Excerpted data START
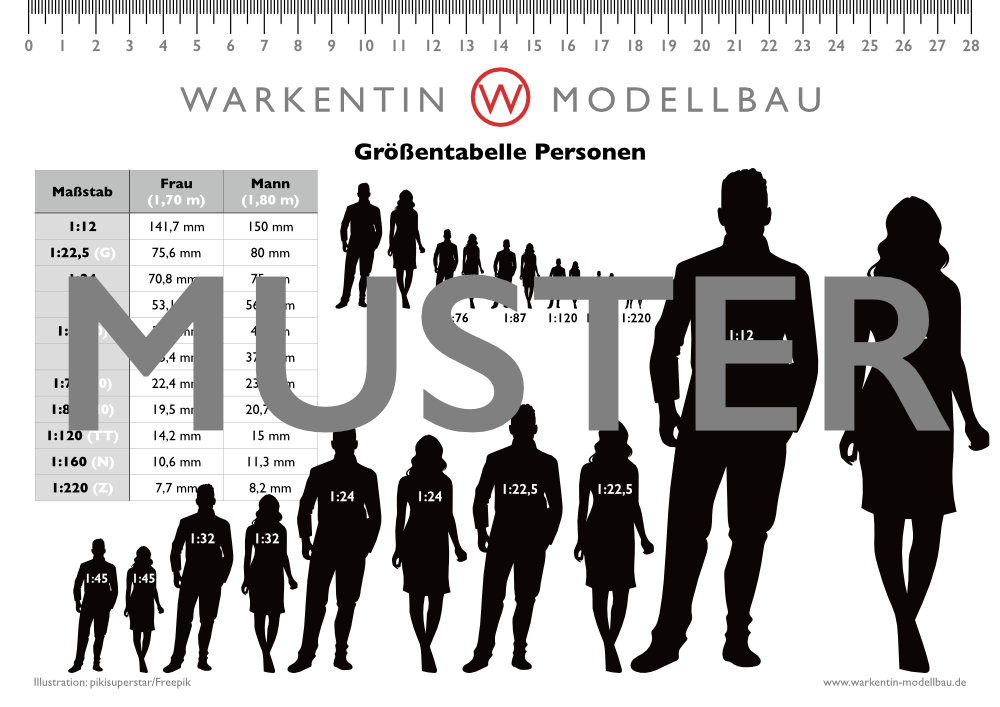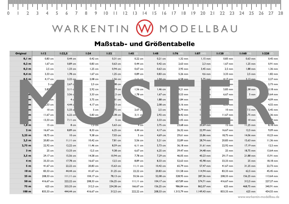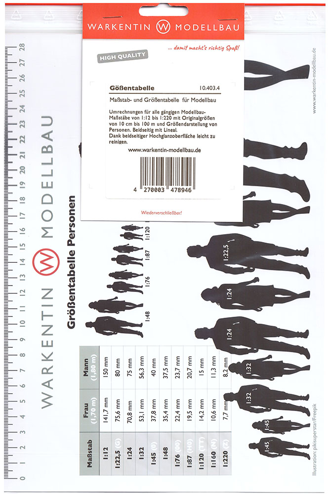 Mit der Maßstab- und Größentabelle für Modellbau sind Umrechnungen für alle gängigen Modellbau-Maßstäbe kein Problem mehr. Die Tabelle enthält Umrechnungen für Maßstäbe von 1:12 bis 1:220 mit Originalgrößen von 10 cm bis 100 m. Um eine realistische Vorstellung der Größe von Personen zu bekommen, enthält die Tabelle auf der Rückseite die Größendarstellung von Personen. Männliche Personen mit einer Größe von 1,80 m und Frauen mit einer größe von 1,70 m werden ebenfalls in den Maßstäben von 1:12 bis 1:220 dargestellt. Das praktische Hilfsmittel für den Modellbau enthält beidseitig ein Lineal.
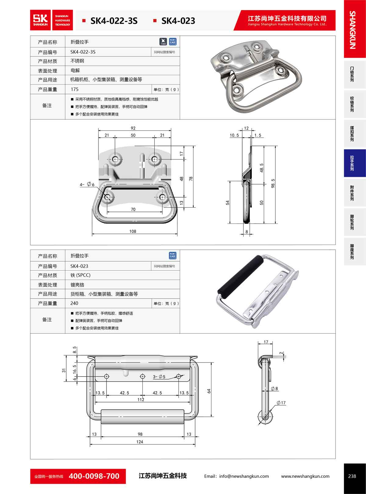 產品名稱:尚坤SK4-023工業不銹鋼柜門明裝彈簧折疊拉手拉環式門把手工具箱提手拉扣
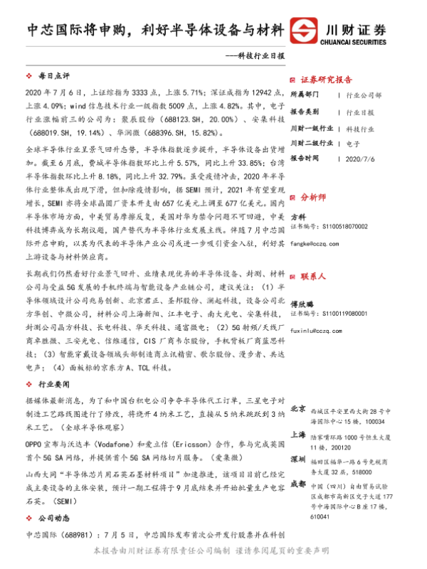 【川财证券】【20200706】科技行业日报:中芯国际将申购,利好半导体设备与材料-5页
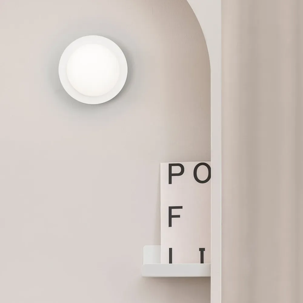 LED-væglampen May har en opalhvid glasskærm i den berømte LED-væglampe May, der sidder på den berømte præsentationsplade. Den understøttes af et robust vægbeslag af stål. May har en IP44-beskyttelsesklasse og er således beskyttet mod stænkvand.
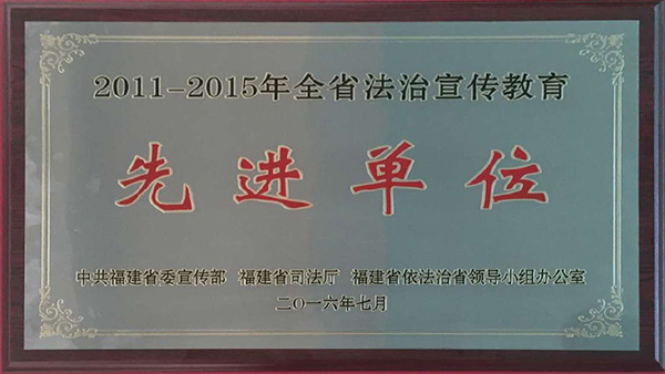 10月12日,在福建省國資委全系統(tǒng)“六五”普法總結(jié)表彰暨“七五”普法動員部署大會上,公司榮獲“2011-2015年全省法治宣傳教育先進單位”榮譽稱號,此項評選活動由福建省委宣傳部、省司法廳、省依法治省辦組織。
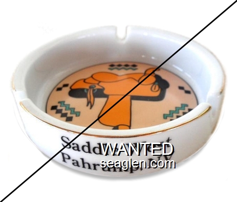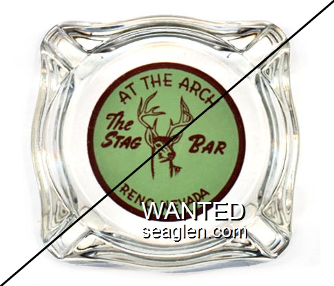 STG-B1 Stag Bar 3 7/16" Clear Glass Ashtray "At the Arch, The Stag Bar, Reno, Nevada" - Brown on green |
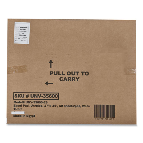 Product Details** Global Product Type Easel & Presentation Pads Pocket Sized No Pad-Binding Type Taped Pad-Binding Edge Top Number of Subjects/Sections 1 Color Family White Sheet Rule/Format Type Unruled Number of Section Dividers 0 Sheets per Pad 50 Sheet Size (Bound-Side First) 27 x 34 Sheet Color White Sheet Basis Weight (lb) 18 lb Bond Sheet Perforation Details Perforation Pad-Spine Width 27″ Pad Length 34″ Back-Cover Material Chipboard Hole-Punch Details Top: 3-Hole Product Biodegradability Indicator N Product Biodegradability in Days 0 Product Compostability Indicator N Pre-Consumer Recycled Content Percent 0% Post-Consumer Recycled Content Percent 0% Total Recycled Content Percent 0% Footnote 1 Top punched: 3-hole Country Of Origin IN Carton Weight 14 lbs. Carton Pack Quantity 2 EA Pack Quantity 0 UPC 087547356005 UNSPSC 44111903 Shipping Weight & Item Dimensions Weight 13.65 lbs. Length 34.842 in Height 0.866 in Width 27.559 in Warranty Manufacturer’s limited one-year warranty.
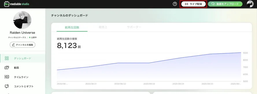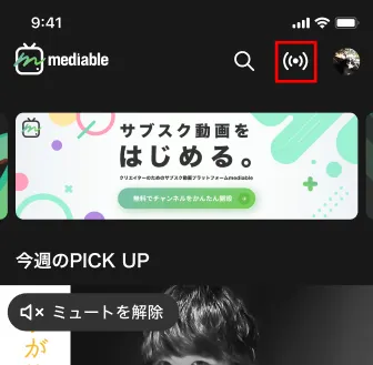 iOSアプリやパソコンから、チャンネル開設済みの方は画面右上のアイコンの隣に
Excerpted data END
## Problem statement
Leave every picture out. Retype the remaining data exactly.

## Result
 Mit der Maßstab- und Größentabelle für Modellbau sind Umrechnungen für alle gängigen Modellbau-Maßstäbe kein Problem mehr. Die Tabelle enthält Umrechnungen für Maßstäbe von 1:12 bis 1:220 mit Originalgrößen von 10 cm bis 100 m. Um eine realistische Vorstellung der Größe von Personen zu bekommen, enthält die Tabelle auf der Rückseite die Größendarstellung von Personen. Männliche Personen mit einer Größe von 1,80 m und Frauen mit einer größe von 1,70 m werden ebenfalls in den Maßstäben von 1:12 bis 1:220 dargestellt. Das praktische Hilfsmittel für den Modellbau enthält beidseitig ein Lineal.
 產品名稱:尚坤SK4-023工業不銹鋼柜門明裝彈簧折疊拉手拉環式門把手工具箱提手拉扣
 【川财证券】【20200706】科技行业日报:中芯国际将申购,利好半导体设备与材料-5页
 LED-væglampen May har en opalhvid glasskærm i den berømte LED-væglampe May, der sidder på den berømte præsentationsplade. Den understøttes af et robust vægbeslag af stål. May har en IP44-beskyttelsesklasse og er således beskyttet mod stænkvand.
 10月12日,在福建省國資委全系統(tǒng)“六五”普法總結(jié)表彰暨“七五”普法動員部署大會上,公司榮獲“2011-2015年全省法治宣傳教育先進單位”榮譽稱號,此項評選活動由福建省委宣傳部、省司法廳、省依法治省辦組織。
 STG-B1 Stag Bar 3 7/16" Clear Glass Ashtray "At the Arch, The Stag Bar, Reno, Nevada" - Brown on green |
 Product Details** Global Product Type Easel & Presentation Pads Pocket Sized No Pad-Binding Type Taped Pad-Binding Edge Top Number of Subjects/Sections 1 Color Family White Sheet Rule/Format Type Unruled Number of Section Dividers 0 Sheets per Pad 50 Sheet Size (Bound-Side First) 27 x 34 Sheet Color White Sheet Basis Weight (lb) 18 lb Bond Sheet Perforation Details Perforation Pad-Spine Width 27″ Pad Length 34″ Back-Cover Material Chipboard Hole-Punch Details Top: 3-Hole Product Biodegradability Indicator N Product Biodegradability in Days 0 Product Compostability Indicator N Pre-Consumer Recycled Content Percent 0% Post-Consumer Recycled Content Percent 0% Total Recycled Content Percent 0% Footnote 1 Top punched: 3-hole Country Of Origin IN Carton Weight 14 lbs. Carton Pack Quantity 2 EA Pack Quantity 0 UPC 087547356005 UNSPSC 44111903 Shipping Weight & Item Dimensions Weight 13.65 lbs. Length 34.842 in Height 0.866 in Width 27.559 in Warranty Manufacturer’s limited one-year warranty.
 iOSアプリやパソコンから、チャンネル開設済みの方は画面右上のアイコンの隣に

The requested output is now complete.